1 Introduction
Smartwatches are spreading as wearable devices mainly for health monitoring and receiving notifications. They are expected to be used not only passively but also actively if their text entry becomes easier to use. In interacting with the small touchscreen, a menu must be concisely allocated with visual information, and the “fat finger” and occlusion problems [
28] must be considered. Efficient menu interfaces with minimal occlusion [
20,
21] and those for eyes-free interaction [
5,
24] have been recently proposed. In implementing text entries, the problems have been mainly tackled with three approaches. The first one involves focusing on a part of a keyboard by zooming in [
22], splitting [
4,
11], or showing a call-out [
17]. The second approach involves assigning multiple characters to a reduced number of keys and making these selectable [
14,
15,
27]. The third approach involves statistical decoding using probabilistic touch and language models [
8,
31,
32]. Statistical decoding enables precise tap and gestural typing on a full QWERTY keyboard on a smartwatch. The QWERTY layout serves as a standard virtual keyboard on smartwatches in Latin script languages.
However, this is not always the case for non-Latin script languages. In Japanese, text entry has additional challenges, such as having more than fifty syllabic characters, kana, to enter and subsequent kana-kanji conversion, which converts a sequence of kana characters into a standard Japanese text style with a mixture of kanji and kana. Figure
2 shows a basic set of kana syllabary; a kana is composed of a consonant and a vowel (CV) (or a single vowel). More than fifty kana are made up with additional symbols for voiced consonants, contracted sounds, and double consonants. Before smartphones prevailed, Japanese users became familiar with a Japanese text entry based on a numeric keypad on feature phones. This text entry interface assigns five kana of a common consonant (i.e., characters in a row in Figure
2) to a numeric key and the symbols and marks to the remaining two keys; thus, five kana can be toggled through multiple taps. This interface was inherited by smartphones, as shown in Figure
3. The virtual numeric keypad introduced flicking in addition to multiple tapping for kana selection. Specifically, simple tapping selects a kana with the vowel ’a’ and flicking in four directions corresponds to four characters with the vowels ’i’, ’u’, ’e’, and ’o’. Most Japanese users use the virtual numeric-keypad-based text entry on smartphones.

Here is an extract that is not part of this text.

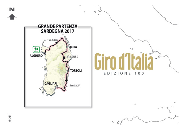 MILANO (MI) – Un’edizione storica, la numero 100, quella che il Giro d’Italia si appresta a vivere nel 2017 e che partirà dalla Sardegna per la terza volta nella sua lunga vita. La Grande Partenza della Corsa Rosa, organizzata da RCS Sport/La Gazzetta dello Sport e in programma da venerdì 5 a domenica 28 maggio, è stata presentata questa mattina a Milano. Il percorso sull’isola prevede tre tappe in linea: la Alghero-Olbia di 203 km, la Olbia-Tortolì di 208 km e la Tortolì-Cagliari di 148 km.

Under these circumstances, smartwatches have no standard Japanese text entry interface. Although the keys of the numeric keypad are larger than those of a QWERTY keyboard, simple porting of the numeric keypad onto a smartwatch makes the key size and spacing very small. Flick operation generally requires a wider area than tapping or swiping. Tojo et al. proposed a Japanese text entry with flick operation based on kana keys allocated in an annular layout [
30]. In light of the examples, we consider the essential factors to be 1) a space-efficient key layout with big key size and spacing, 2) minimal operations to enter a character, and 3) the regularity of operations that is simple enough to remember. Previous studies have focused on interface design that efficiently allocates the keys on a small touchscreen and takes advantage of the regularity of the kana CV structure in kana selection, but overlooked commonality regarding flick directions with familiar smartphone interfaces. Thus, we propose PonDeFlick, an annular-layout-based Japanese kana text entry that provides the entire touchscreen for gestural operation and simplifies the gestural operation by commonalizing the flick directions with familiar smartphone interfaces.
We conducted a ten-day user study comparing PonDeFlick with a miniature numeric-keypad-based flick text entry and a modification of PonDeFlick that keeps the regularity of the kana CV structure but does not commonalize the flick directions. The user study revealed the effectiveness of commonality in flick operation.
2 Related Studies
When implementing a keyboard on a smartwatch, the small form factor makes precise typing difficult. Various solutions to the "fat finger" and occlusion problems have been proposed. The solutions can be roughly classified into three groups.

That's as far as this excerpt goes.